• **THE PROBLEM**:
Copy exactly the stretch of data below from the line with "Swimming Champion Barbie" through the line with "It’s no secret", including both of those lines.

• **RECORDS TO USE**:
==============================
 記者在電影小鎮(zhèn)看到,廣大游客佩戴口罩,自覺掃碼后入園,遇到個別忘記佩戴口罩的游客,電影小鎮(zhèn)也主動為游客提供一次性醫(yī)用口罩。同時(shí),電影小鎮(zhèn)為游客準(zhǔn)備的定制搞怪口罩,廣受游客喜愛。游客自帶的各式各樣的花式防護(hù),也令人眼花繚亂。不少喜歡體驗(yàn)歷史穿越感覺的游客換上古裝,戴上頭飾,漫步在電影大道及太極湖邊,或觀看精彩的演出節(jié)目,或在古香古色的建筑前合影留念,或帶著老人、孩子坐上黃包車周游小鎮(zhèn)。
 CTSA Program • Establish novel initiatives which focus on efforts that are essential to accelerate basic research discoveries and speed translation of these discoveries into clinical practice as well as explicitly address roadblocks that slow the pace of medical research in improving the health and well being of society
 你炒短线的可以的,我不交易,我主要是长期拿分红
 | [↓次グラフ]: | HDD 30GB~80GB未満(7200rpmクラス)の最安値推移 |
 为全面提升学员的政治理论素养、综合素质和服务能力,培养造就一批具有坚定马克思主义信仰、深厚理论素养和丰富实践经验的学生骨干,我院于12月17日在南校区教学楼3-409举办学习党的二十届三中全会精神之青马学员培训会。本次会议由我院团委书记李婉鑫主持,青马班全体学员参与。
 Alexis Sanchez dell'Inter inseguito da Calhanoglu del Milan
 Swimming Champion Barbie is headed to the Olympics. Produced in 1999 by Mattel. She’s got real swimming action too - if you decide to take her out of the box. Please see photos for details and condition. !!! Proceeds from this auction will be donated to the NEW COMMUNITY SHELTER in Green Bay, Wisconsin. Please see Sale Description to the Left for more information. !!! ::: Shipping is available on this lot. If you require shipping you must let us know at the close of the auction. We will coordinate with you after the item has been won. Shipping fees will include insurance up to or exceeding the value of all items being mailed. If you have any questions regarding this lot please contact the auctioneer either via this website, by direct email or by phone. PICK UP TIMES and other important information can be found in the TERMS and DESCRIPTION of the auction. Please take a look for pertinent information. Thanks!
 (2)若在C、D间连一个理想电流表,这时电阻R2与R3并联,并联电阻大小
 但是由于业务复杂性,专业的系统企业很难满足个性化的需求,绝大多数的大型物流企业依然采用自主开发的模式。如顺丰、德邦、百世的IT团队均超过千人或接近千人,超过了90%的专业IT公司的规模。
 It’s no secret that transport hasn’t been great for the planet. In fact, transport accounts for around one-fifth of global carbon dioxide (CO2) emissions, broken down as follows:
==============================
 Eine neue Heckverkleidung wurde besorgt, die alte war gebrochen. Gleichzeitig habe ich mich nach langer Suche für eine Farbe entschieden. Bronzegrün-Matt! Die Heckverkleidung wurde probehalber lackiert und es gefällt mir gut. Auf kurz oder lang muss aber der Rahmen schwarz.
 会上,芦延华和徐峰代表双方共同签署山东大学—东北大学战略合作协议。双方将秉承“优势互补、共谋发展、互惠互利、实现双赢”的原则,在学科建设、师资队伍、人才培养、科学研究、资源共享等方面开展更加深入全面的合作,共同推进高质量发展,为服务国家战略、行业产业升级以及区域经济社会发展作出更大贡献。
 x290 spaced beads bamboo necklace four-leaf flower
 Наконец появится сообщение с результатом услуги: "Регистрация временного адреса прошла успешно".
==============================
• **RESPONSE TO THIS EXERCISE**:
 Swimming Champion Barbie is headed to the Olympics. Produced in 1999 by Mattel. She’s got real swimming action too - if you decide to take her out of the box. Please see photos for details and condition. !!! Proceeds from this auction will be donated to the NEW COMMUNITY SHELTER in Green Bay, Wisconsin. Please see Sale Description to the Left for more information. !!! ::: Shipping is available on this lot. If you require shipping you must let us know at the close of the auction. We will coordinate with you after the item has been won. Shipping fees will include insurance up to or exceeding the value of all items being mailed. If you have any questions regarding this lot please contact the auctioneer either via this website, by direct email or by phone. PICK UP TIMES and other important information can be found in the TERMS and DESCRIPTION of the auction. Please take a look for pertinent information. Thanks!
 (2)若在C、D间连一个理想电流表,这时电阻R2与R3并联,并联电阻大小
 但是由于业务复杂性,专业的系统企业很难满足个性化的需求,绝大多数的大型物流企业依然采用自主开发的模式。如顺丰、德邦、百世的IT团队均超过千人或接近千人,超过了90%的专业IT公司的规模。
 It’s no secret that transport hasn’t been great for the planet. In fact, transport accounts for around one-fifth of global carbon dioxide (CO2) emissions, broken down as follows:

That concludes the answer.